Samagra, which was started by Swapnil Chaturvedi and has gained support from the Bill and Melinda Gates Foundation, is working to improve sanitation in India, where well over 50 percent of the population, mainly in urban slums, defecate in the open. Such a practice not only increases sanitation-related diseases and death, but Samagra estimates that the urban poor lose at least 10 percent of their income due to health-related costs.

Although community restrooms have existed for years, many avoid them because they are unclean, unsafe—especially for women at night—and not easily accessible to the elderly and disabled, Chowa said.

Chaturvedi’s organization partners with municipal agencies and local businesses to renovate and improve the conditions of these restrooms. But he has been especially innovative, Chowa noted, by offering individuals incentives to use the public toilets, including on-site access to financial services, such as savings accounts, and rewards, such as discounts on washing and sanitation products. The discounts and rewards target users who can afford a small membership fee to use the restrooms, although the community toilets are still open to all, she said.

“What Chaturvedi is pursuing is behavioral economics,” Chowa said of how Samagra’s founder is attempting to change sanitation habits. “He has said that if people feel they own the place and if they are nudged and incentivized, they will use (the restrooms).”

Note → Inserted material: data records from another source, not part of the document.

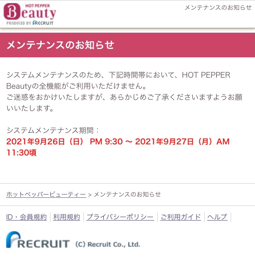 本日午前中ホットペッパービューティーがメンテナンス中になっています。
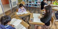 2年生は、「国語」の授業です。様子を想像しながら読んでいます。
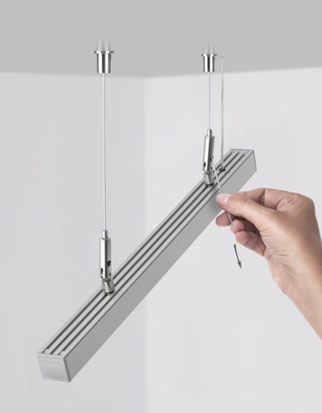 ,Przeznaczony do podwieszania liniowych opraw LED w pozycji pochylonej. Skompletowany zestaw elementów. Podwieszenie wzdłużne na lince oraz łatwa regulacja wysokości podwieszenia przy oprawie. Pochylenie oprawy poprzez regulację długości linek. Zawiera linkę o długości 1,5 m
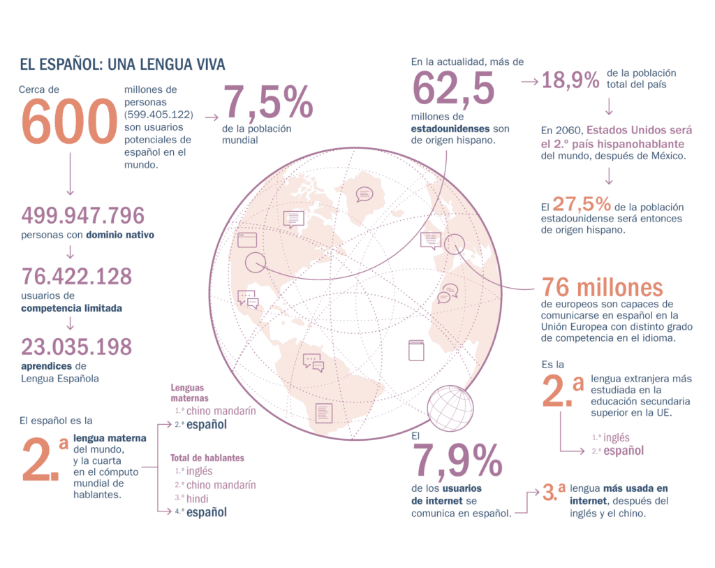 El Anuario se abre con el exhaustivo estudio El español: una lengua viva. Informe 2023, que como cada año ha elaborado David Fernández Vítores. En él destaca el dato de los casi 500 millones de personas (499.947.796) que tienen el español como lengua materna (el pasado año se superaron los 496 millones), lo que supone el 6,2 % de la población mundial). La cifra total de usuarios potenciales roza los 600 millones (599.405.122) si a las personas con dominio nativo se les suman los usuarios de competencia limitada (76.422.128) y los aprendices como segunda lengua o como lengua extranjera (23.035.198).

The fees also help to maintain the facilities and keep them clean. But Samagra is also helping to “bank the unbanked,” Chowa said.

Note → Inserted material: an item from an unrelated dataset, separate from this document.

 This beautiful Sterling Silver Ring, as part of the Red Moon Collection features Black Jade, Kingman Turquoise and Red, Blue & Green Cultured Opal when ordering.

“This program has made life easier for the blue collar workers,” she said. “Most of them leave very early in the morning for work and get home really late. So if they need to go to the bank, it just doesn’t happen during the day because if they leave their workplace, they lose their job. But with the community toilets, they usually visit them early in the morning and late at night. So to find somebody who can do all of this for them and help them have access to all of these services is really convenient.”

The program truly embraces the triple bottom line, Richman added. “It’s health related, environmentally related, and economically beneficial for the community.”

Chowa and her colleagues hope to roll out an impact study with Samagra at the end of 2016 or by early 2017.

With the Comprehensive Rural Health Project (CRHP), School faculty will focus on some of India’s poorest villages and on the impact of the organization’s gender equality program, which discourages discrimination and violence against women and teaches all adolescents to value girls and education early in life.

“Although there are adolescent programs for girls and boys, CRHP’s approach really focuses on changing the minds of boys and teaching them the importance of treating women as human beings,” Chowa explained.

Faculty will also work with CRHP to examine the effectiveness of its mental health program, which trains community volunteers to become mental health workers. These workers—mainly uneducated women who live within the villages that CRHP serves—help to diagnose the symptoms and the behaviors of mental illness, including schizophrenia, bipolar and anxiety disorders, and refer individuals for services where needed.

“The training is very comprehensive and intense,” Chowa said. “They are also trying to change behaviors toward people with mental illness, so it’s quite holistic and really an amazing program. But they don’t have any evidence of impact. Our goal will be to look at the outcomes. Currently, all they have is anecdotal, but that has been very, very positive.”

Chowa hopes to get the study off the ground by early 2017.

Ultimately, the projects should not only benefit the agencies and the communities they serve but also give research partners an opportunity to work alongside School faculty to strengthen their intervention research skills, Richman said.

“It will also help us to continue to build our research presence internationally, so it’s really a win-win-win all around,” he said.